Practical Data Protection Compliance for Open-Source LLMs

AR:0001
Article

Practical Data Protection Compliance for Open-Source LLMs

AWO has a multi-disciplinary team of experts that include legal professionals, technology analysts, ethicists, and data scientists. Together we have identified some of the important data protection requirements under the GDPR for the development and use of open-source LLMs.

This has culminated in our paper, Practical Data Protection Compliance for Open-Source LLMs, which contains a comprehensive analysis of the data protection issues related to these models. A copy of the full paper can be downloaded here.
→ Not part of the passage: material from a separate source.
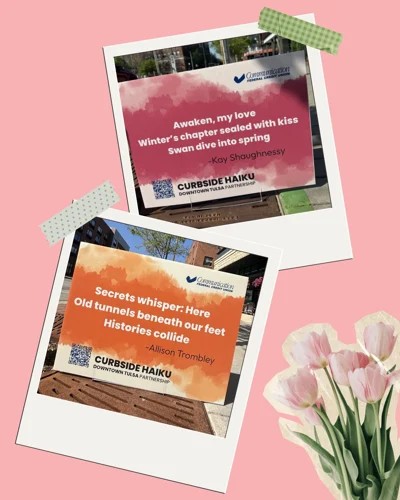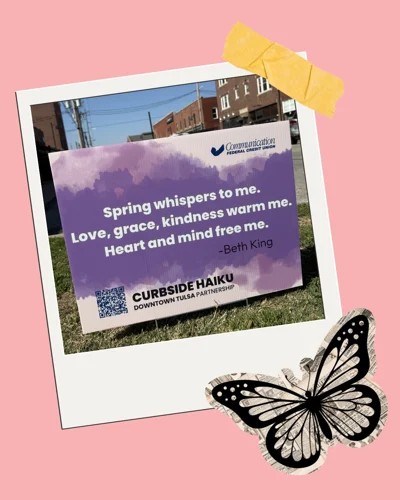 “Each spring, Curbside Haiku transforms Downtown Tulsa’s streetscape with poetry and art, bringing creativity to unexpected p;ace,” said Downtown Tulsa Partnership. “This temporary public at project, presented by Downtown Tulsa Partnership, activates tree wells and planter beds with haikus and visual artwork from local Tulsans.”
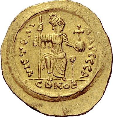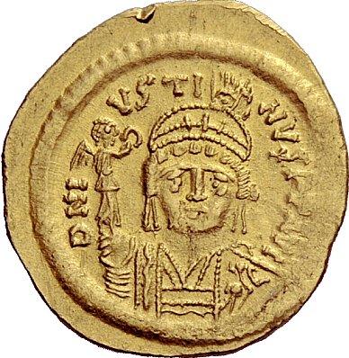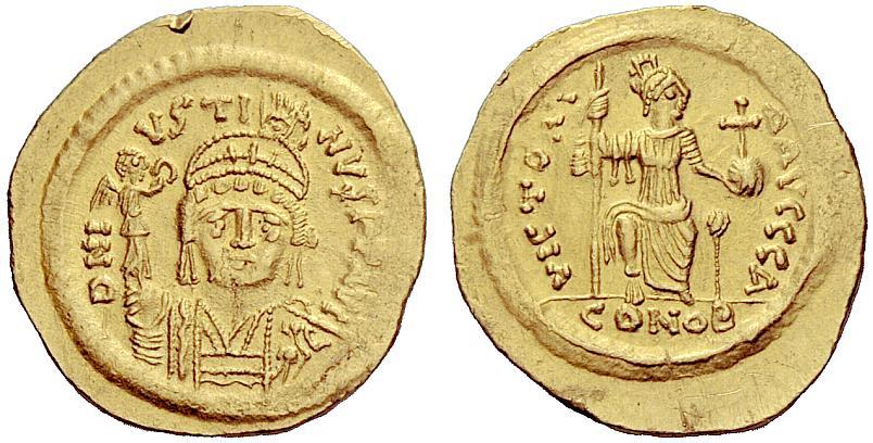 The Byzantine Empire. Justin II, 565 – 578. Solidus 565-578, AV 4.50 g. D N – IVSTI – NVS PP AVG Helmeted, diademed and cuirassed bust facing, holding Victory on globe and shield decorated with horseman and enemy motif. Rev. VICTORI – A AVGGG A Constantinopolis seated facing, head r., holding spear and globus cruciger; in exergue, CONOB. DO 4a. MIBE 5. Sear 345. Minor nick on edge at eleven o'clock on obverse, otherwise good very fine

We hope that this work proves a valuable contribution to the open-source community.

This work demonstrates the expertise that our team can provide to organisations developing or using AI systems. Our algorithm governance advisory services support clients ranging from international organisations and start-ups developing responsible AI strategies to engineering and technical teams tasked with algorithm development. You can learn more about our service offering here and get in touch to discuss your needs. We also provide a monthly newsletter Algorithm Governance Roundup where we share technical and regulatory developments, job listings, publications, and advertise events.

Key Issues Impacting Open-Source LLM Development and Use

Open-source LLMs have grown in capability and prominence. An increasing number of organisations have opted to use such models within their own environments and leverage their customisability to tailor them to a range of tasks. However, while open-source LLMs possess several key advantages, both developers and users must consider the data protection implications.

Key Issues for Developers

  • The processing of personal data needs an appropriate legal basis. This applies to both the training data collected for the development of LLMs pre-deployment and any user prompts collected for further training and service improvement post-deployment.
  • Information must be provided explaining what personal data about data subjects is processed and where that data has been collected from. This information must be provided before or at least at the time the model is used by data subjects.
  • Requests made by data subjects based on their rights afforded under data protection law must be fulfilled. Among these rights include the right of access, the right to be forgotten, the right to restriction of processing and the right to object.
  • Personal data processed must be accurate and every reasonable step must be taken to delete or rectify any inaccurate personal data. Furthermore, data subjects have the right to have inaccurate personal data about them rectified without undue delay.
  • Appropriate security measures must be in place to ensure the confidentiality, integrity and availability of personal data processed. In particular, such measures must protect against unauthorised or unlawful processing, as well as against accidental loss, destruction or damage.

Key Issues for Users

  • Before using an open-source LLM, organisations should carry out due diligence to ensure that the developer is compliant with data protection law. This should also be combined with policies to ensure that use of the model by the organisation is compliant.
  • The use of open-source LLMs within an organisation involving the processing of personal data needs to be supported by a specified, explicit and legitimate purpose. Organisations must therefore carefully consider the reasons for deploying and using an open-source LLM.
  • If choosing to use an open-source LLM that processes the personal data of those who use it, there needs to be an appropriate legal basis for such processing.
  • Information must be provided explaining what personal data about data subjects is processed when using the model. This information must be provided before or at least at the time the model is used by data subjects.